Heathers delivers a somewhat happy ending by black comedy standards. After watching J.D. blow himself up, Veronica saunters back into school with a newfound freedom. She confronts Heather Duke (Doherty), the school’s reigning mean girl queen, and takes the symbolic red scrunchie out of her hair. Veronica declares herself the new sheriff in town and immediately begins her rule by making a friend. She approaches a severely bullied student and makes a date to watch videos on the night of the prom, using her popularity to lift someone else up. She’s learned on her own that taking out one Heather opens the door for someone else to step into the vacuum.
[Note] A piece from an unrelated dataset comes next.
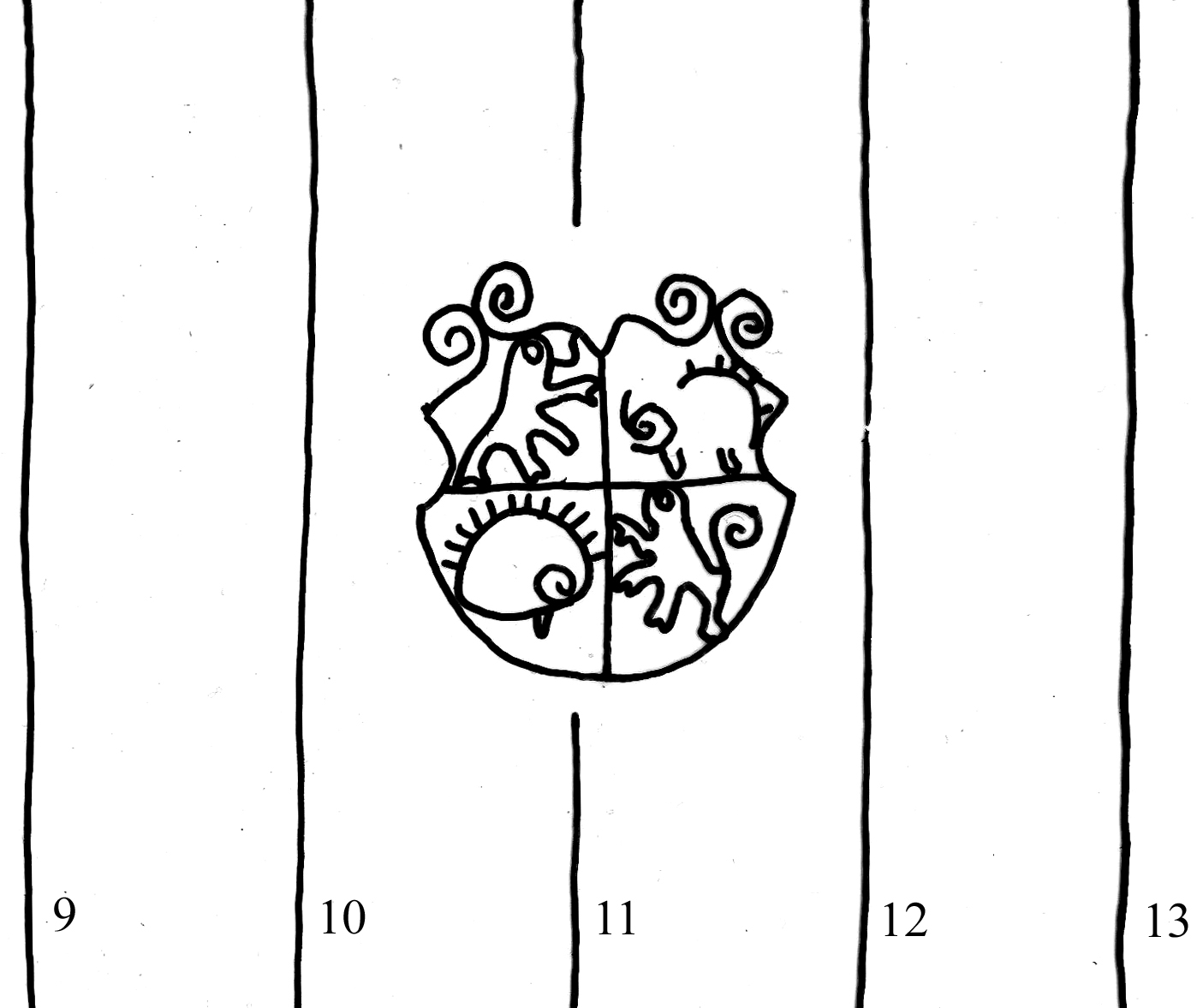 Identifier: 243 Description: coat of arms, hedgehogs and bohemian lion Height: 41 Width: 37 Chain line distance: 26 No. chain lines in sheet: 15+2 Distance side wire-chain line: 16 Depository: Státní okresní archiv (SOkA) Jihlava Shelfmark: AMJ do 1848, SR, I4, 1585 Dating: 1585 Paper mill: Staré Hory, Jihlava Paper maker: Benedikt Frey Placement: a Sheet dimension (cm): 30x42,5

The only way to combat toxic cruelty is to normalize acts of generosity. Rather than destroying her enemies, she will lead the school with kindness.

Heathers concludes with another rendition of “Que Sera, Sera.” In a more modern cover, a soloist delivers an informal answer hinting at a brighter future. We still don’t know what the future holds, but we don’t have to adhere to the social hierarchy we’ve inherited. We each have the power to decide what “will be” if we’re brave enough to separate ourselves from the popular crowd. The generation who watched Heathers as children are now raising their own teens and kids. One can only hope we’ve learned the lessons of this sharp satire. The future’s not ours to see, but if we guide our children with honesty and compassion, maybe we’ll raise a generation of Veronicas instead.